Le Journal officiel en date du 24 janvier 2014 vient de publier un décret du 7 janvier 2014 de l’ancien chef du gouvernement Ali Larayedh, fixant les modalités d’enregistrement et de dépôt légal des publications. Le décret en question vise, selon les spécifications de son article 2, à organiser la collecte et l’archivage de toutes les publications destinées au public, qu’elles soient périodiques ou pas.
Il a également pour objectif déclaré d’assurer la conservation, la sauvegarde et le suivi de la production intellectuelle, littéraire et artistique, de préserver la mémoire nationale et de garantir la disponibilité des publications en questions à l’usage du public.
Il fait partie des textes d’application du décret-loi 115 relatif à la liberté de presse, d’impression et d’édition, notamment les dispositions relatives au dépôt légal telles que fixées par les articles 4, 5, 19 et 22 de ce texte de loi.
Certaines dispositions du nouveau décret ont néanmoins suscité des critiques de la part d’un certain nombre d’acteurs du secteur de la presse, de l’imprimerie et de l’édition, lesquels ont demandé sa modification.
La présidente du Syndicat des directeurs d’entreprises de presse, Amel Mzabi, considère que le décret en question est d’autant plus malvenu qu’il est un texte d’application du décret-loi 115 à propos duquel le syndicat avait émis des réserves.
Pour elle, il est nécessaire d’amender le décret-loi 115, en particulier le volet relatif au dépôt légal. Le dépôt légal des publications, estime-t-elle, doit se faire non pas auprès du Premier ministère mais au Centre de documentation nationale, contrairement aux prescriptions du décret-loi et du décret. «Le problème réside dans le décret-loi plutôt que dans le décret d’application», a-t-elle tenu à préciser.

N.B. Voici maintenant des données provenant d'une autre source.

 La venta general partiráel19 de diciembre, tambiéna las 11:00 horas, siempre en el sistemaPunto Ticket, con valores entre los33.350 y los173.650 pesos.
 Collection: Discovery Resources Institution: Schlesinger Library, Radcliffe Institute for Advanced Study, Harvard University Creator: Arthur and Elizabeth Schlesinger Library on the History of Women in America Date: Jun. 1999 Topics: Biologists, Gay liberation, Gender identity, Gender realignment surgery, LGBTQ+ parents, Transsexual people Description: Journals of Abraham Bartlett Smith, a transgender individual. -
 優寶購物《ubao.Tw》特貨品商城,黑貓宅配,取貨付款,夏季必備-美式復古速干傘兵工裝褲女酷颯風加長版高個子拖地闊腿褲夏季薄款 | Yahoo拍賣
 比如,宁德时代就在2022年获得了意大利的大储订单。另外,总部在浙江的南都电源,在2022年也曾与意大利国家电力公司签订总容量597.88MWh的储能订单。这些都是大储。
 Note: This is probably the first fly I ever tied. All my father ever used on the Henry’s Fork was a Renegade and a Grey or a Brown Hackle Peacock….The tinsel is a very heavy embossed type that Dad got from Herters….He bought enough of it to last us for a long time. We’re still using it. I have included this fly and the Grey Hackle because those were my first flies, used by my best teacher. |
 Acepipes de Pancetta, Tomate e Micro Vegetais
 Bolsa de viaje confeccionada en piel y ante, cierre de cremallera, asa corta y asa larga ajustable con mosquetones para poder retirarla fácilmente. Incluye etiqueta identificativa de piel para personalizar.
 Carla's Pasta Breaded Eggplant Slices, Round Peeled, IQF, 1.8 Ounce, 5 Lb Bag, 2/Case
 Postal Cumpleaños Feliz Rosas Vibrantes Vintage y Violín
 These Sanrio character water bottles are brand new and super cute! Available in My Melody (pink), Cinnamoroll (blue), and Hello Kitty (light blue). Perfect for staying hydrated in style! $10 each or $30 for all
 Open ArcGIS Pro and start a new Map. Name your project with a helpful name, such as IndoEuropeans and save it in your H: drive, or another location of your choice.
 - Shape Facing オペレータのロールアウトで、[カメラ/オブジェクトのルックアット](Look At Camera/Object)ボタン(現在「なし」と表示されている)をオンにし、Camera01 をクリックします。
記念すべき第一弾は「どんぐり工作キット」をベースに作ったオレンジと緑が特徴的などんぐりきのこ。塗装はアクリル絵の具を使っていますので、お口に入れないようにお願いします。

Pour sa part, le directeur du CAPJC (Centre africain de perfectionnement des journalistes et communicateurs), Abdelkrim Hizaoui, a attiré l’attention sur le fait que la polémique qui avait accompagné la publication de ce décret «s’explique par la crainte de voir le dépôt légal utilisé comme moyen déguisé de censure a priori des périodiques». Pour autant, il considère que la publication du décret est «une bonne chose en soi» dans la mesure où elle s’inscrit dans le cadre de l’activation des décrets-lois 115 et 116 tant réclamée par les professionnels. «Ce texte va organiser l’opération de dépôt légal et mettre ainsi fin au vide juridique en la matière, laquelle avait révélé des lacunes difficiles à combler dans les collections de périodiques de la Bibliothèque nationale et du Centre de documentation nationale», a-t- il dit.

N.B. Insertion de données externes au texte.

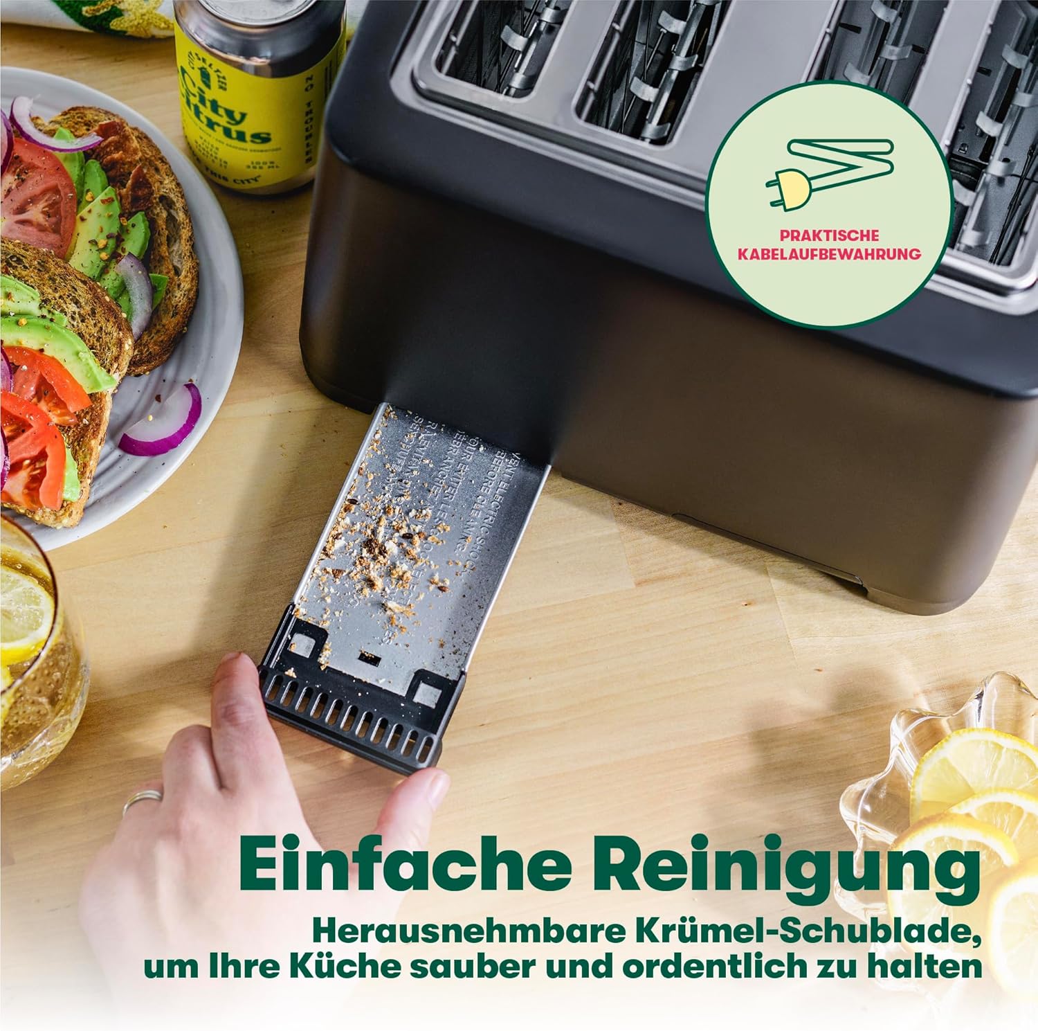 • ЛЕСНО ПОЧИСТВАНЕ: Този тостер за гевреци е изключително лесен за употреба благодарение на прозрачните бутони отпред. Лостът за повдигане позволява удобен достъп до по-малки хлябове, а подвижната тава за трохи прави почистването изключително лесно.
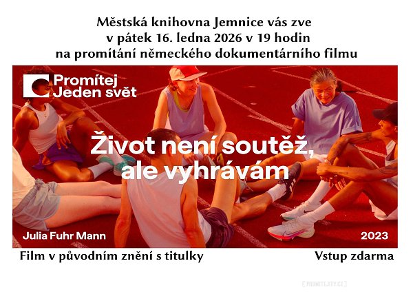 1. Městská knihovna v Jemnici vás zve v pátek 16. ledna 2026 v 19 hodin na promítání německého dokumentárního filmu Život není soutěž, ale vyhrávám. Vstup je zdarma.
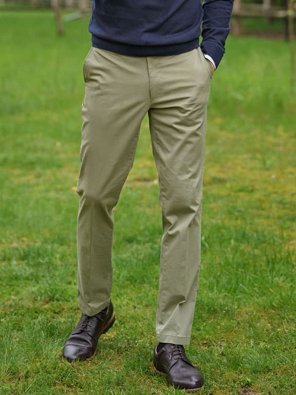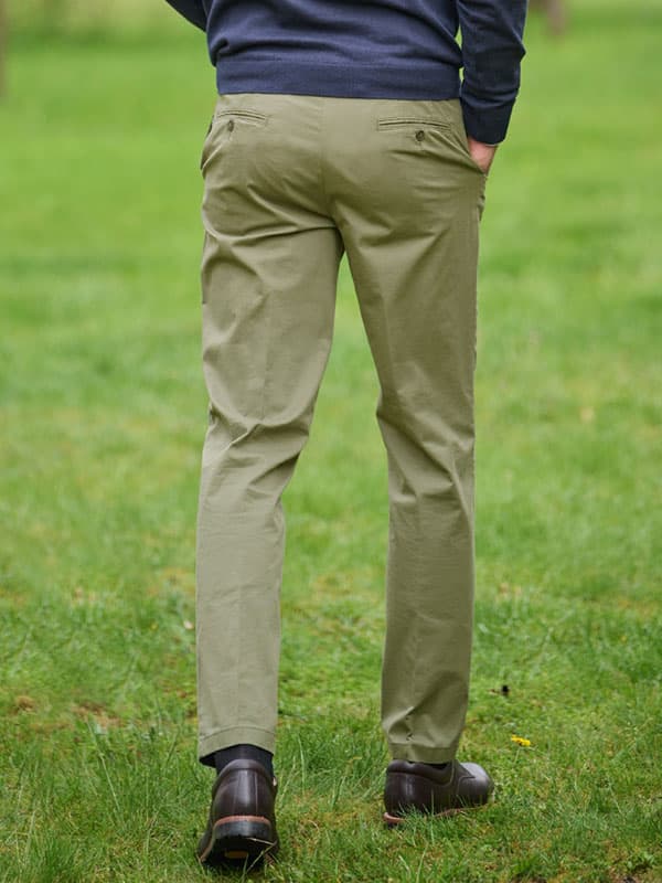 Klassieke heren chino ‘Mr. ”Jones” gemaakt van eersteklas Pima katoen als ideale zomerbroek op warme dagen. Pima-katoen komt uit Peru en is dankzij de ideale groeiomstandigheden en de bijzonder lange vezels de beste katoenkwaliteit ter wereld. Het wordt vooral gewaardeerd om zijn uitzonderlijke zachtheid, schitterende glans en hoge duurzaamheid. Dankzij een beetje stretch zijn deze broeken vormvast, kreukvrij en comfortabel. Het heeft een rechte pijp, Franse zakken, twee achterzakken met knoop, riemlussen en een horlogezakje in een normale pasvorm. Dit eigentijdse, slimme en comfortabele model is een perfecte allrounder voor elke gelegenheid en mag in geen enkele garderobe ontbreken.
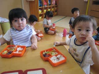 今日の昼食は・・・『バーガーパン!!』 3、4、5歳児さんは自分たちで重ねていきます(^^♪ 出来上がりはご覧のとおり(*^^)v美味しそう!! みんな大喜びでかぶりついていました(*^_^*) 何気ない工夫や見…
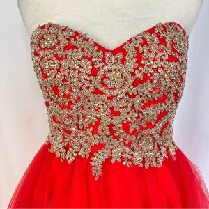 Damas By Tiffany Designs Beaded Dress Sz Small Tulle Little Red Short Lace Corset. Prom homecoming cocktail. For formal, ballgown party. Adjusted drawstring at the back. Pls see photos closely for further details about the item.
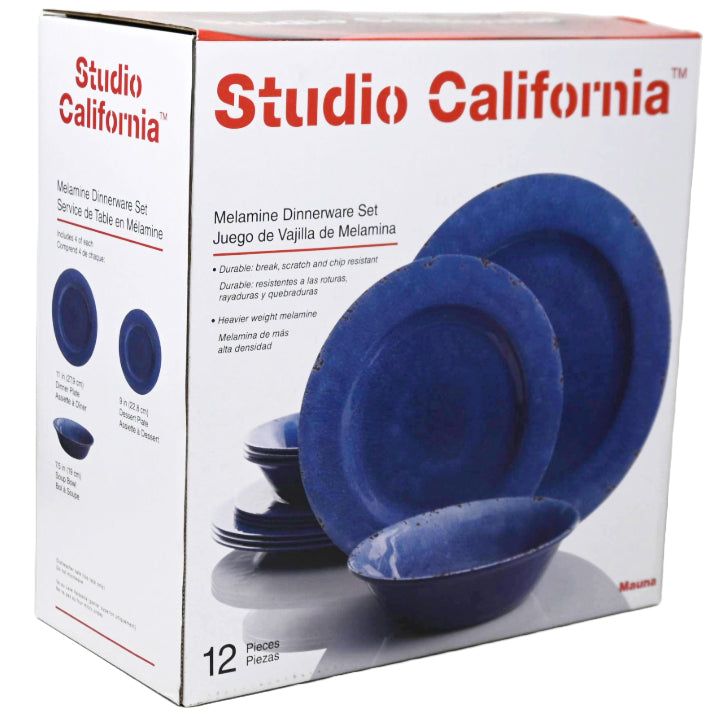 Wholesale 12pc LG MAUNA C. BLUE DECORATED MELAMINE DINNERWARE SET C/P 1
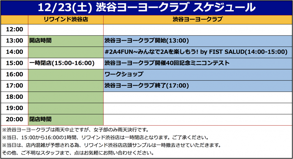※ヨーヨークラブ当日、15:00〜16:00の1時間、リワインド渋谷店は一時閉店となりますので、ご注意ください。また、本記事の最後に注意事項等もありますので、ご参加される方は、そちらもご確認ください。

Il attribue en outre le vide juridique en question à la décision prise en 2006 sous l’ancien régime, portant suppression du dépôt légal sous le prétexte fallacieux d’abolir la censure. Il a rappelé qu’en cette période les Tunisiens réclamaient la suppression de la censure et non du dépôt légal, compte tenu de la fonction mémorielle de ce dernier. C’est pourquoi, ajoute-t-il, nous saluons le retour au dépôt légal, d’autant que nous sommes aujourd’hui dans un environnement législatif nouveau, à même d’empêcher tout risque de glissement du dépôt légal vers la censure préalable, comme c’était le cas sous l’ancien régime.
Par ailleurs, explique-t-il, l’article 30 de la Constitution interdit la censure des publications et le décret-loi 115 définit le dépôt légal en des termes si précis qu’ils empêchent toute marge d’interprétation, encore moins son éventuel dévoiement.
Hizaoui plaide par contre, pour la révision du point relatif au dépôt légal avant la distribution, arguant que nulle mention n’est faite de cette condition dans le décret-loi 115.